In the System Generator for DSP software, design hierarchy is supported by subsystems, or systems within other systems. A subsystem is represented as a special block in a “Simulink” diagram. Users can push into a subsystem block, which includes an additional diagram beneath it. Subsystems are used to identify the portion or portions of a design that a user wishes to co-simulate in hardware. When a particular subsystem is compiled for hardware co-simulation, everything within the subsystem is compiled into hardware resources. Once compilation is complete, a new run-time block is created that exposes the same external interface as the subsystem from which it was compiled. Additional information on how designs are compiled for hardware co-simulation can be found in the section entitled “Using FPGA Hardware in the Loop: Compiling a Model for Co-Simulation” (pages 187-189) of the “Xilinx System Generator for DSP v8.1 User's Guide” manual, which pages are hereby incorporated herein by reference. This document is dated Apr. 25, 2006, is available from Xilinx, Inc., and can also be found on the internet as of the filing date of the present patent application at: http://www.xilinx.com/support/sw_manuals/sysgen_ug.pdf.
One type of hardware co-simulation interface that has proved particularly useful is JTAG-based hardware co-simulation. JTAG hardware co-simulation allows any board with a JTAG header and a Xilinx FPGA to be used in the simulation-loop inside System Generator for DSP. To co-simulate a design, a user connects a programming cable (e.g., Platform Cable USB or Parallel Cable IV) to the JTAG header on the FPGA platform. Simulation commands and data are transmitted between the host workstation and hardware platform over the programming cable. Additional information on JTAG co-simulation can be found in the section entitled “Using FPGA Hardware in the Loop: JTAG Hardware Co-simulation” (pages 196-210) of the “Xilinx System Generator for DSP v8.1 User's Guide” manual, which pages are hereby incorporated herein by reference.

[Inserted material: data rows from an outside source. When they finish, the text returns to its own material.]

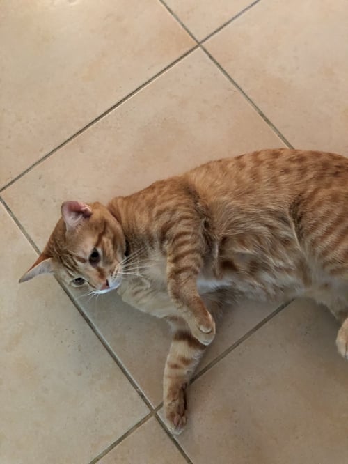 รอยตำหนิ: ขนที่พุงม้วนๆ ปลอกคอสีแดง บริเวณเท้าจะมีสีขนเข้มๆกว่าตรงอื่น
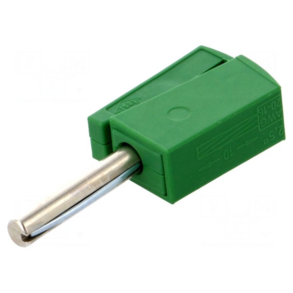 Złącze bananowe 4mm, wtyk 20A / 42V, zielony
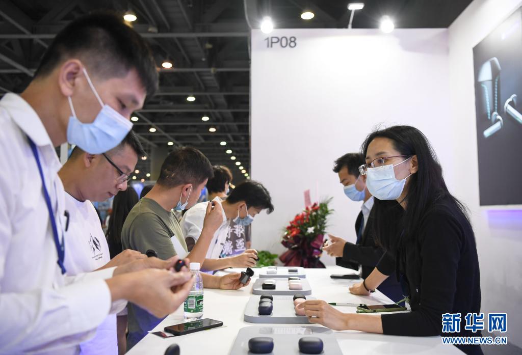 4月12日,参观者观看展会上的无线耳机。
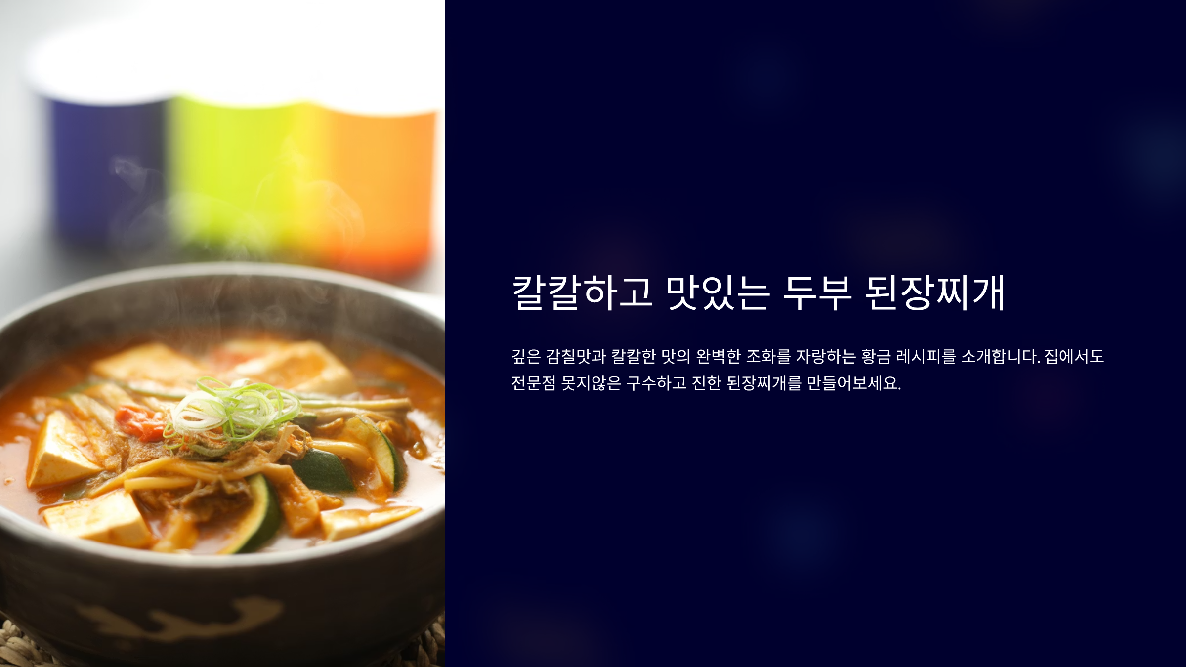 두부 된장찌개는 한국인의 식탁에서 빠질 수 없는 대표적인 소울 푸드입니다. 하지만 맹물 맛이 나거나, 너무 짜거나, 혹은 얼큰함이 부족해 아쉬움을 느꼈던 경험이 있으실 겁니다. 이 글은 구수한 전통의 맛은 살리면서도 목을 탁 치는 칼칼한 매력을 더해줄 전문적인 황금 레시피를 제공합니다. 단순한 레시피 나열을 넘어, 구글의 EEAT 기준을 충족시키기 위해 검증된 재료의 선택, 육수의 깊이, 양념의 황금비율 등 모든 요리 과정에 숨겨진 과학적 원리를 쉽게 풀어 설명합니다. 오늘부터 당신의 된장찌개는 평범함을 벗어나 최고의 명품 찌개로 거듭날 것입니다. 이제부터 시작되는 된장찌개 마스터 클래스에 집중해 주세요. 실패 없는 최고의 맛을 약속드립니다.

A shortcoming of the present system for co-simulation using JTAG is that the JTAG hardware co-simulation infrastructure does not support concurrent co-simulation using multiple PLDs. It is not uncommon for hardware co-simulation platforms to contain multiple PLD devices; however, JTAG co-simulation is not adequately supported for these platforms. Rather than a cohesive solution allowing concurrent co-simulation, JTAG co-simulation can only be performed using one of the PLDs at any given time.
Therefore, it is desirable to provide systems and methods enabling concurrent JTAG co-simulation of multiple PLDs in a co-simulation hardware platform.